*What to do*.
Lower down are entries containing pictures. Copy exactly, without those pictures, the lines from the line with "Блокирует звуковой и" through the line with "這是楊正熙在位于貴州省黎平縣".
Provided records section start
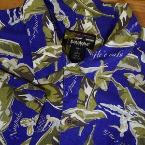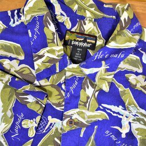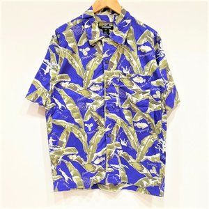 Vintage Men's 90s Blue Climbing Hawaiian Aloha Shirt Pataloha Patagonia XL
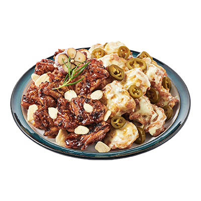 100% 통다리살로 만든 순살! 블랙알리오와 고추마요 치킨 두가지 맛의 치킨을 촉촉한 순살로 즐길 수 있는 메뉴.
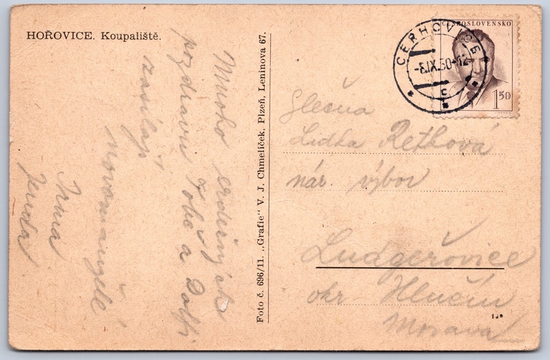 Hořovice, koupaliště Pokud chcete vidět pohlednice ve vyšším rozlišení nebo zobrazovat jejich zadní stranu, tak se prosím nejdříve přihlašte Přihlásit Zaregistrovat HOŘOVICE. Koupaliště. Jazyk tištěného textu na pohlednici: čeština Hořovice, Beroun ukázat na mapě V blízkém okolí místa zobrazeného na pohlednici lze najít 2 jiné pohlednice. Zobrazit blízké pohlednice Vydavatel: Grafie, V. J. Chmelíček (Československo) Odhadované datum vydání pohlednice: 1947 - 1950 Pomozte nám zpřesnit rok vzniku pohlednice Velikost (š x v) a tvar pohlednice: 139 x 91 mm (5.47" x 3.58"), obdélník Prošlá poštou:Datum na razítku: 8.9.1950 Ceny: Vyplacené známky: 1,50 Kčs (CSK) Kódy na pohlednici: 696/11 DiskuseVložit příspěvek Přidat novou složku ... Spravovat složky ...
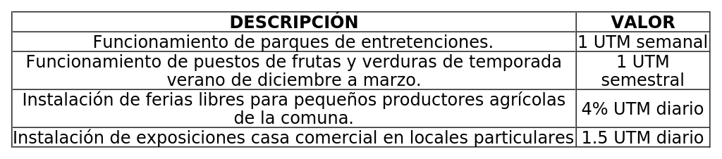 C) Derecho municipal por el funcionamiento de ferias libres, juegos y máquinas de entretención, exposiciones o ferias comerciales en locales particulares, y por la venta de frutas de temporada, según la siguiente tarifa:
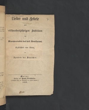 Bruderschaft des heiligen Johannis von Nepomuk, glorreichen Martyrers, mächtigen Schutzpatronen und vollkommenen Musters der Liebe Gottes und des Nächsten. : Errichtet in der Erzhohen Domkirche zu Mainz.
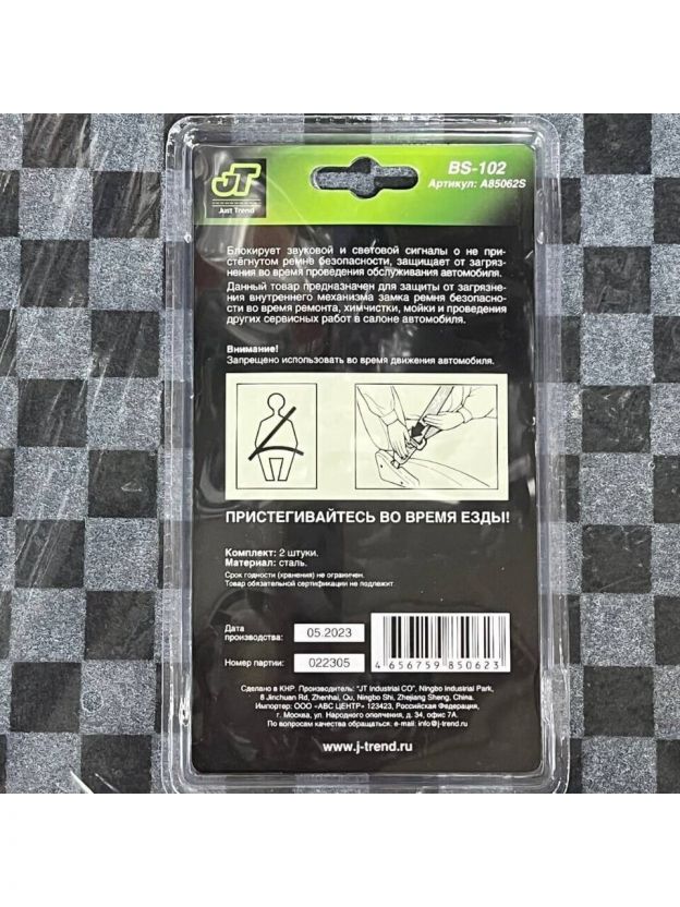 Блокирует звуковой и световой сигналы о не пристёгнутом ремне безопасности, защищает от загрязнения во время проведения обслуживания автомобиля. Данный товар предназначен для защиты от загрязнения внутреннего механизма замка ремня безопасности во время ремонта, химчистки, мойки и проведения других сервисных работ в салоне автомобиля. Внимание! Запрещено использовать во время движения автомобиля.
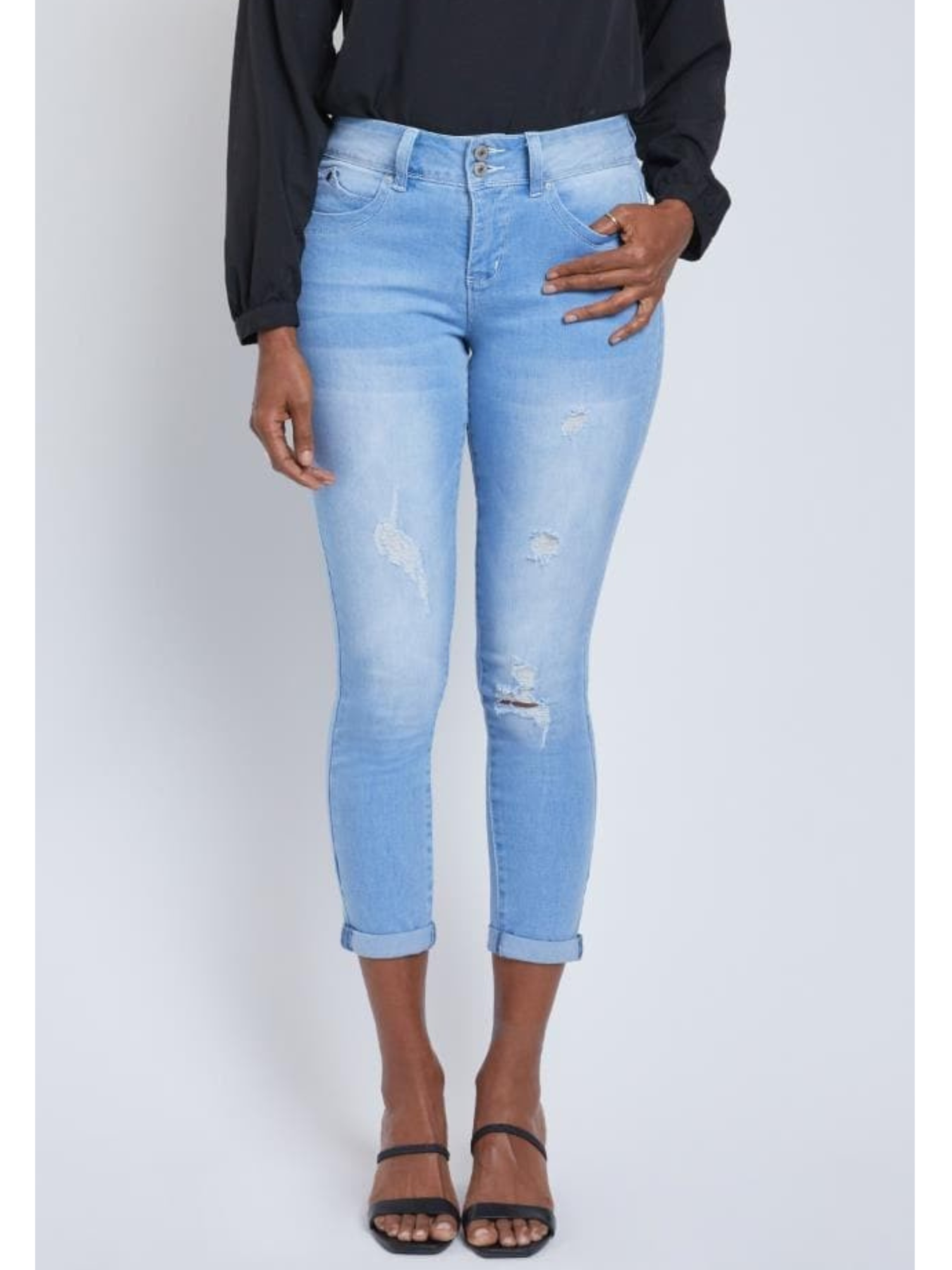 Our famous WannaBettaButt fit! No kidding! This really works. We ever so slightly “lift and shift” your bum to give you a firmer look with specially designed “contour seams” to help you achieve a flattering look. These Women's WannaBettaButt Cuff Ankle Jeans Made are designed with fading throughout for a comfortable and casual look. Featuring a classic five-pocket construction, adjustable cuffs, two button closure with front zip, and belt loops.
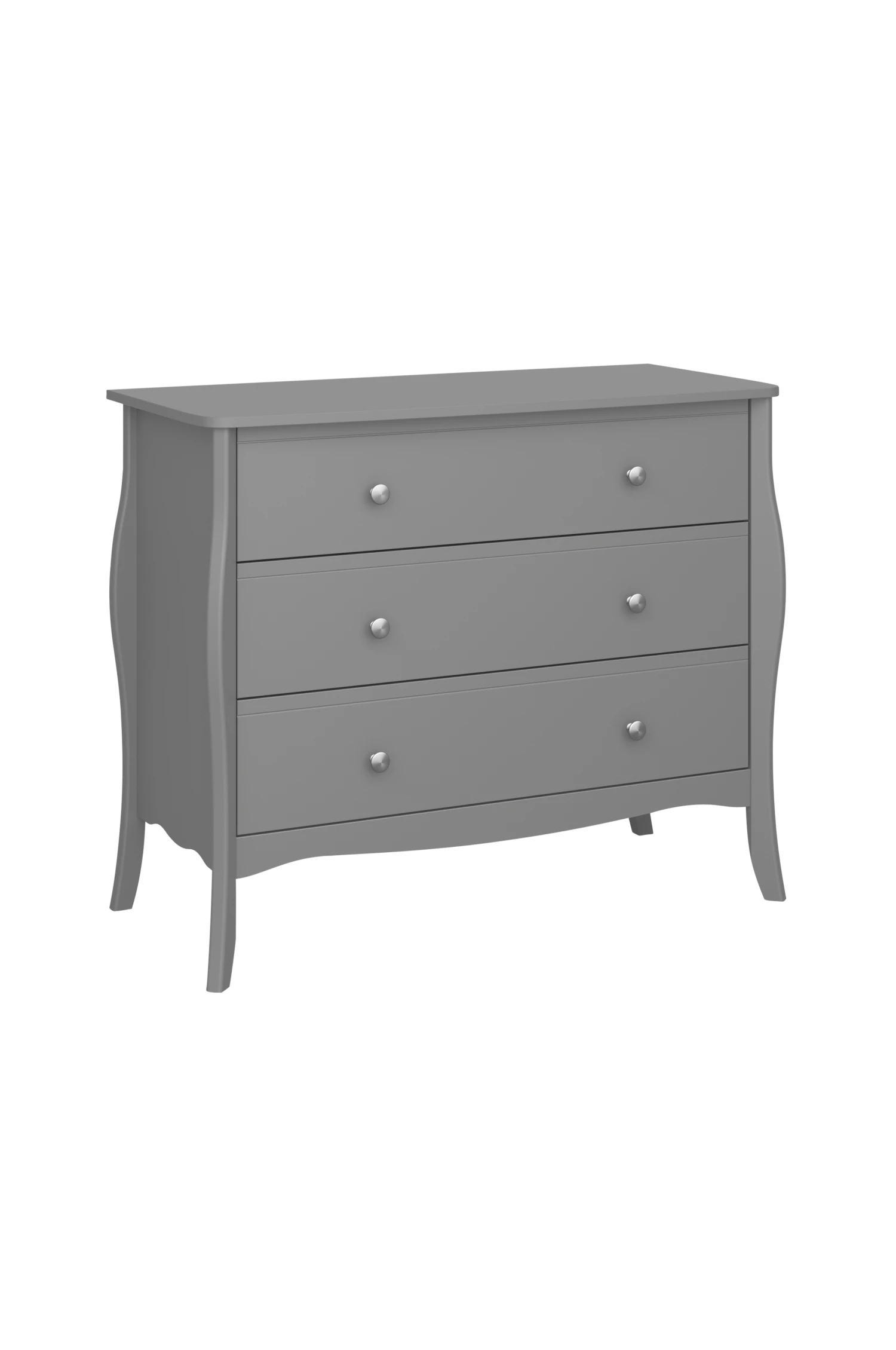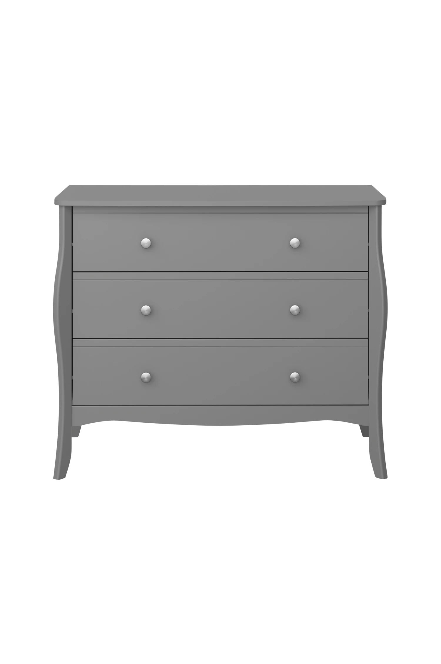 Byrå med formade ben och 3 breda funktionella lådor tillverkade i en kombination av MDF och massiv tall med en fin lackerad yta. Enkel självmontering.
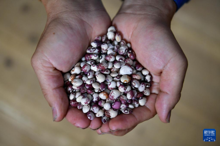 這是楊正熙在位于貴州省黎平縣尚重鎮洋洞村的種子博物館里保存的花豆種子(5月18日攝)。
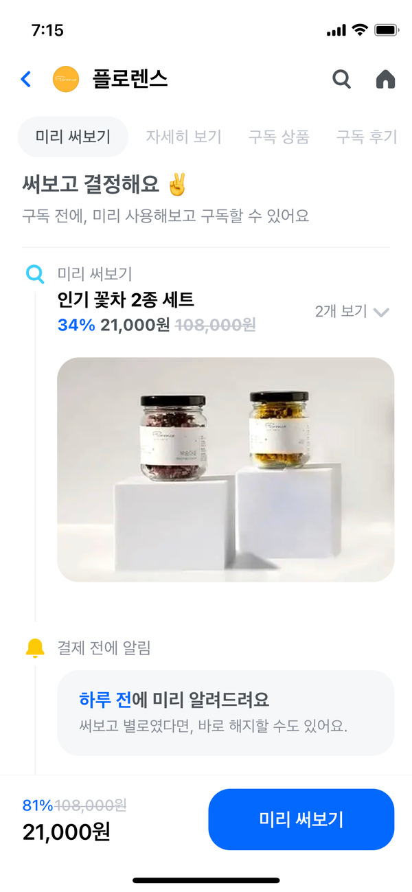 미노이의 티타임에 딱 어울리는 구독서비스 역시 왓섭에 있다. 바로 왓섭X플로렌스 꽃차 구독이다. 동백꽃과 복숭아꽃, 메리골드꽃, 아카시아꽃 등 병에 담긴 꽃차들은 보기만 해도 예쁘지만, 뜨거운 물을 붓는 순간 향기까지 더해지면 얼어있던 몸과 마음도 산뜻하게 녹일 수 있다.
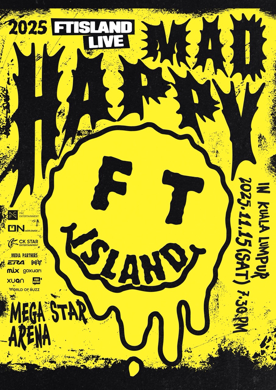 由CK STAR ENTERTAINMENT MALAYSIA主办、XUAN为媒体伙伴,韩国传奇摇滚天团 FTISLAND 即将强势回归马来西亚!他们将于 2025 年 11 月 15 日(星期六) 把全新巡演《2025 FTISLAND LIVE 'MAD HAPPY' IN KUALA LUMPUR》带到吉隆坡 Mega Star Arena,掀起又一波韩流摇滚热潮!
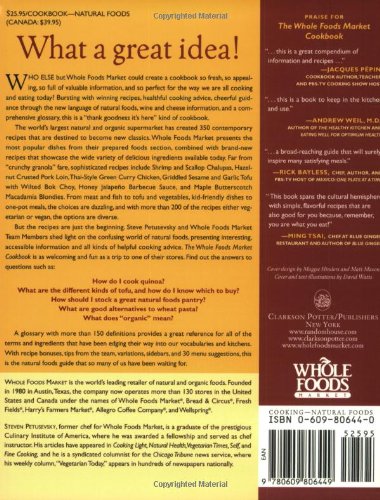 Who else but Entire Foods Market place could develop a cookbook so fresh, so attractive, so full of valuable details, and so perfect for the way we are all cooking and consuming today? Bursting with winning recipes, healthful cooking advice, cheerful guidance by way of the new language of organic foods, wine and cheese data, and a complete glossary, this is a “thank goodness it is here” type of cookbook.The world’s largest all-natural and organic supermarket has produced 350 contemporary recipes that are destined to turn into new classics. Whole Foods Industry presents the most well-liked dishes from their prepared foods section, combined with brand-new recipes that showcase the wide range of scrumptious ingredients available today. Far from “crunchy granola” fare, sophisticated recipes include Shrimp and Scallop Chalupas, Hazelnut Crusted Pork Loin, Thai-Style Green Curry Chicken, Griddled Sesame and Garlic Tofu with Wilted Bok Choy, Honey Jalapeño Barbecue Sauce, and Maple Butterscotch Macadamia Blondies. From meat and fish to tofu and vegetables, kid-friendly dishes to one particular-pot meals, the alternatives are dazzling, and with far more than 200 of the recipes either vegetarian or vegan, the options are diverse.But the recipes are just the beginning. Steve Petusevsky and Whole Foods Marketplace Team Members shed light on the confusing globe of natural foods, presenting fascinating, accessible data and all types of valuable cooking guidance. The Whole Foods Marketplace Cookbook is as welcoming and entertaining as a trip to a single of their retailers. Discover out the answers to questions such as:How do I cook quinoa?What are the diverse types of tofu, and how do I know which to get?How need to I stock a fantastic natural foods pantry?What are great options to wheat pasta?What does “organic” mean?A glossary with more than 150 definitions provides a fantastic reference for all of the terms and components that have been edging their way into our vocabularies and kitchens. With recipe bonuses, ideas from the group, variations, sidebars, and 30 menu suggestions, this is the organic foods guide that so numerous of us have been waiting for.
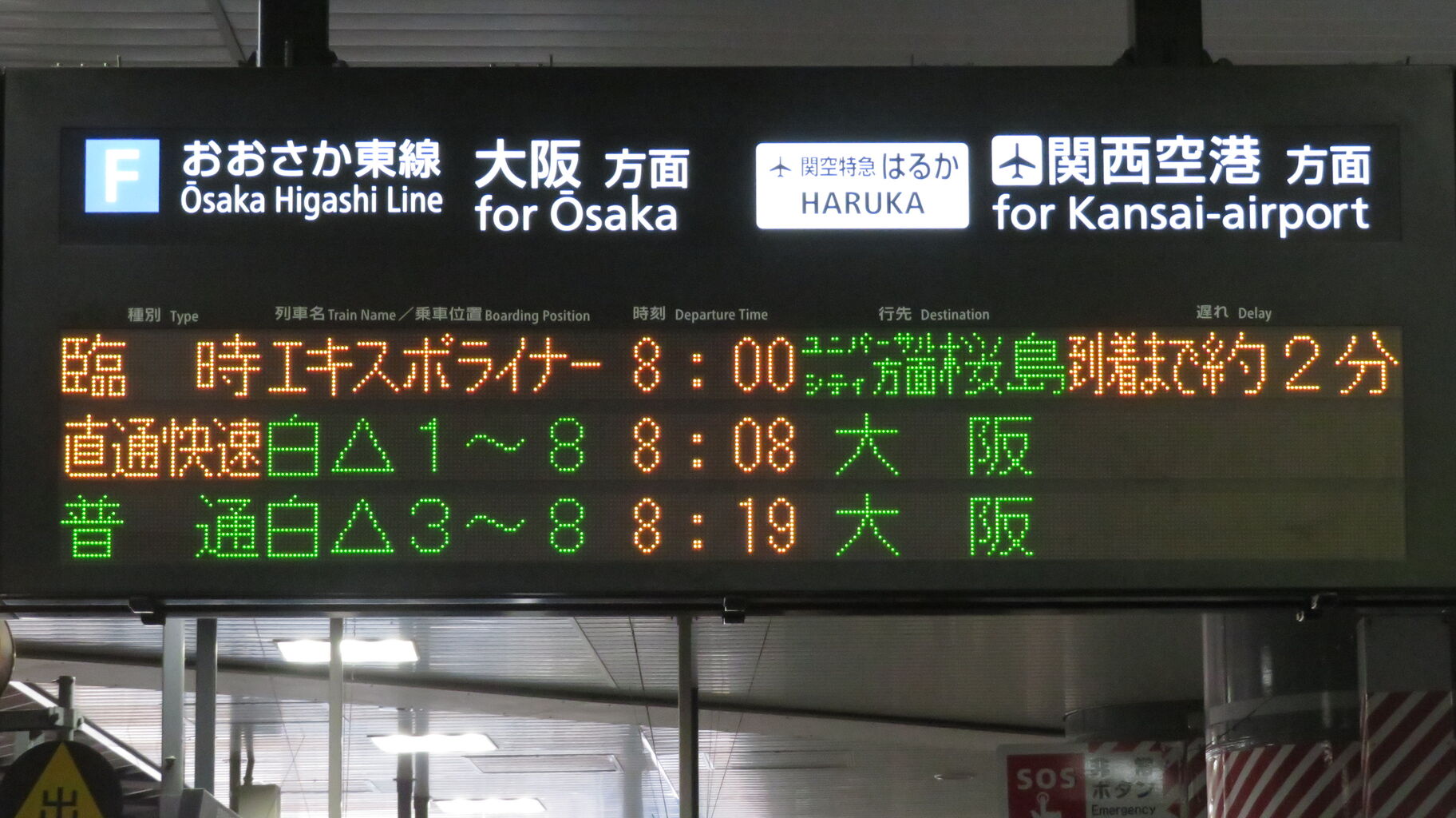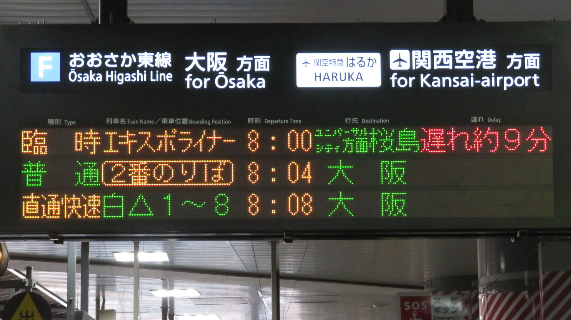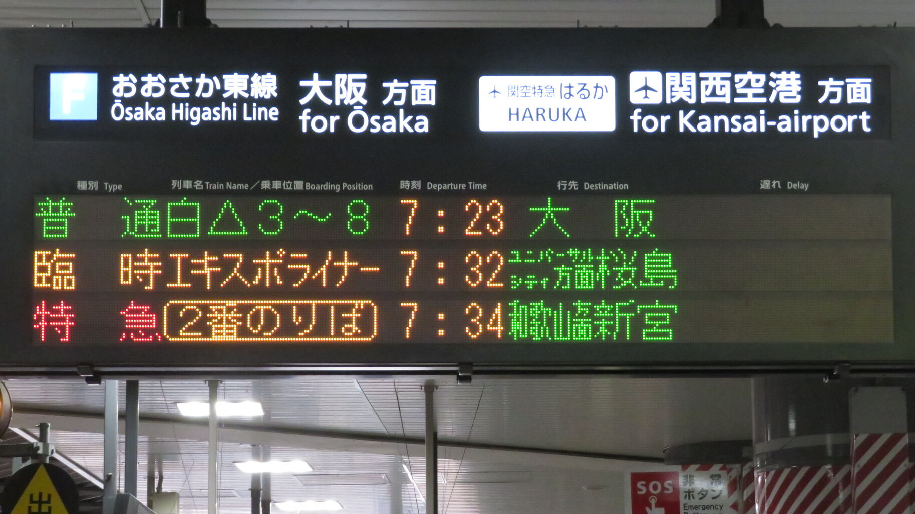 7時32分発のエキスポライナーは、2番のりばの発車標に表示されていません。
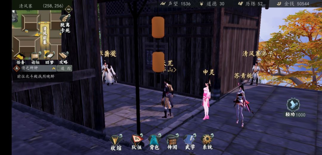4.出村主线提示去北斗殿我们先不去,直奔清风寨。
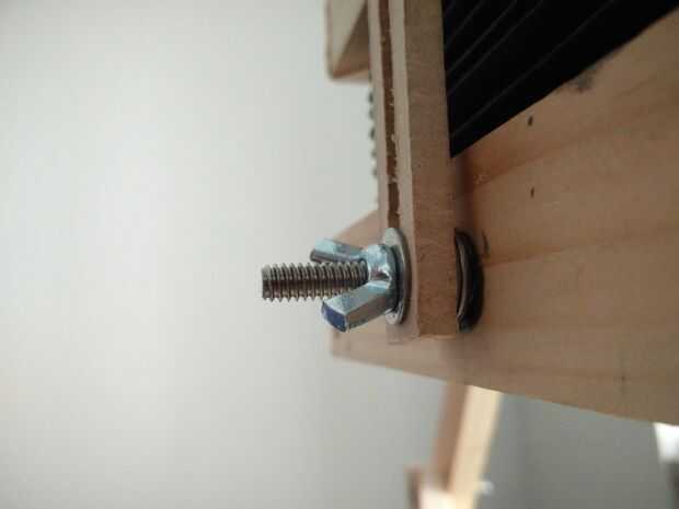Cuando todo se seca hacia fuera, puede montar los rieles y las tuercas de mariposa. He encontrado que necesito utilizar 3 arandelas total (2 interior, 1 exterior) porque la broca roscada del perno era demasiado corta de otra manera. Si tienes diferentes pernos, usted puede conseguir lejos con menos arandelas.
Provided records section end
*Task solution*.
 Блокирует звуковой и световой сигналы о не пристёгнутом ремне безопасности, защищает от загрязнения во время проведения обслуживания автомобиля. Данный товар предназначен для защиты от загрязнения внутреннего механизма замка ремня безопасности во время ремонта, химчистки, мойки и проведения других сервисных работ в салоне автомобиля. Внимание! Запрещено использовать во время движения автомобиля.
 Our famous WannaBettaButt fit! No kidding! This really works. We ever so slightly “lift and shift” your bum to give you a firmer look with specially designed “contour seams” to help you achieve a flattering look. These Women's WannaBettaButt Cuff Ankle Jeans Made are designed with fading throughout for a comfortable and casual look. Featuring a classic five-pocket construction, adjustable cuffs, two button closure with front zip, and belt loops.
 Byrå med formade ben och 3 breda funktionella lådor tillverkade i en kombination av MDF och massiv tall med en fin lackerad yta. Enkel självmontering.
 這是楊正熙在位于貴州省黎平縣尚重鎮洋洞村的種子博物館里保存的花豆種子(5月18日攝)。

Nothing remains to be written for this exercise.